The two Persian-speaking nations have pursued closer relations, including stronger defence cooperation, since the US and its allies exited their common neighbour Afghanistan in August last year, clearing the way for a Taliban takeover. Both Tehran and Dushanbe continue to demand the Pashtun Taliban allow representatives of all Afghanistan's ethnic groups join the country's government. In the meantime, Tajikistan has become concerned by expanding cross-border security threats posed by militants and terrorists based in northern Afghanistan.
The plant is to produce Iranian Abagil-2 unmanned aerial vehicles (UAVs).
“Today, we’ve reached a position that apart from fulfilling domestic needs, we can export military equipment to allies and friendly countries in order to strengthen security and sustain peace,” Iranian Military Chief of Staff Maj. Gen. Mohammad Bagheri said on a visit to Dushanbe to consult with Tajik defence officials and, among other things, open the drone factory.
Bagheri held a meeting with Tajik Minister of Defence Col. Gen. Sherali Mirzo. In the meeting, the two generals explored avenues for more bilateral defence cooperation and addressed the fight against terrorism in Central Asia.
Iran’s rapidly expanding fleet of military drones is a growing concern for rival powers in the Middle East and the US. In early March, the country’s Islamic Revolutionary Guard Corps (IRGC) announced an underground base for military drones.
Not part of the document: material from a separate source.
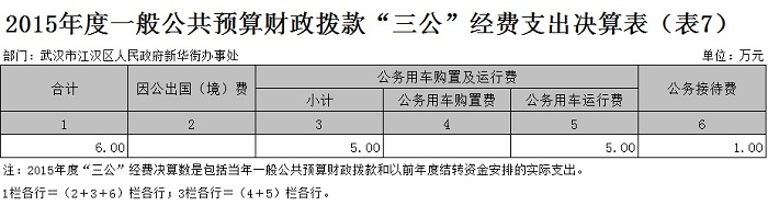 七、2015年度一般公共预算财政拨款“三公”经费支出决算表(表7)
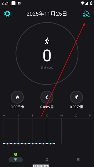 2、進入運動記錄主頁面,查看當日的步數目標及卡路里公里數等數據,點擊右上角的跑步按鈕,進入跑步設置界面。

In doing so, the elite force warned that up to 60 drones could be simultaneously launched from Iran to hit targets in the region. In late February, Israel accused Iran of planning to arm drones supplied to ally Venezuela with precision-guided munitions. Early February saw Fitch Solutions conclude that recent drone attacks by the Iran-aligned Houthi rebels of Yemen on the UAE were unlikely to undermine long-term investment in the Emirates, but only because of the UAE’s sophisticated air defence system. Saudi Arabia, meanwhile, has bristled at the number of Houthi drone attacks that have hit the Kingdom.
Last September, the US Navy’s Middle East-based 5th Fleet said it was set to launch a new task force incorporating airborne, sailing and underwater drones following years of maritime attacks on oil tankers and other vessels linked to ongoing tensions with Iran. “We want to put more systems out in the maritime domain above, on and below the sea,” Vice Adm. Brad Cooper, who leads the 5th Fleet, was cited as saying, adding: “We want more eyes on what’s happening out there.”
In February, officials from Iran and Tajikistan pledged to increase bilateral trade to $500mn annually. Trade amounted to $121mn in 2021, marking a more than 100% increase from the $55mn recorded in 2020.
Tehran’s closer relations with Dushanbe come after several years during which there were tensions over attempts by Iran’s arch-rival in the Gulf Saudi Arabia to build up its influence in Tajikistan.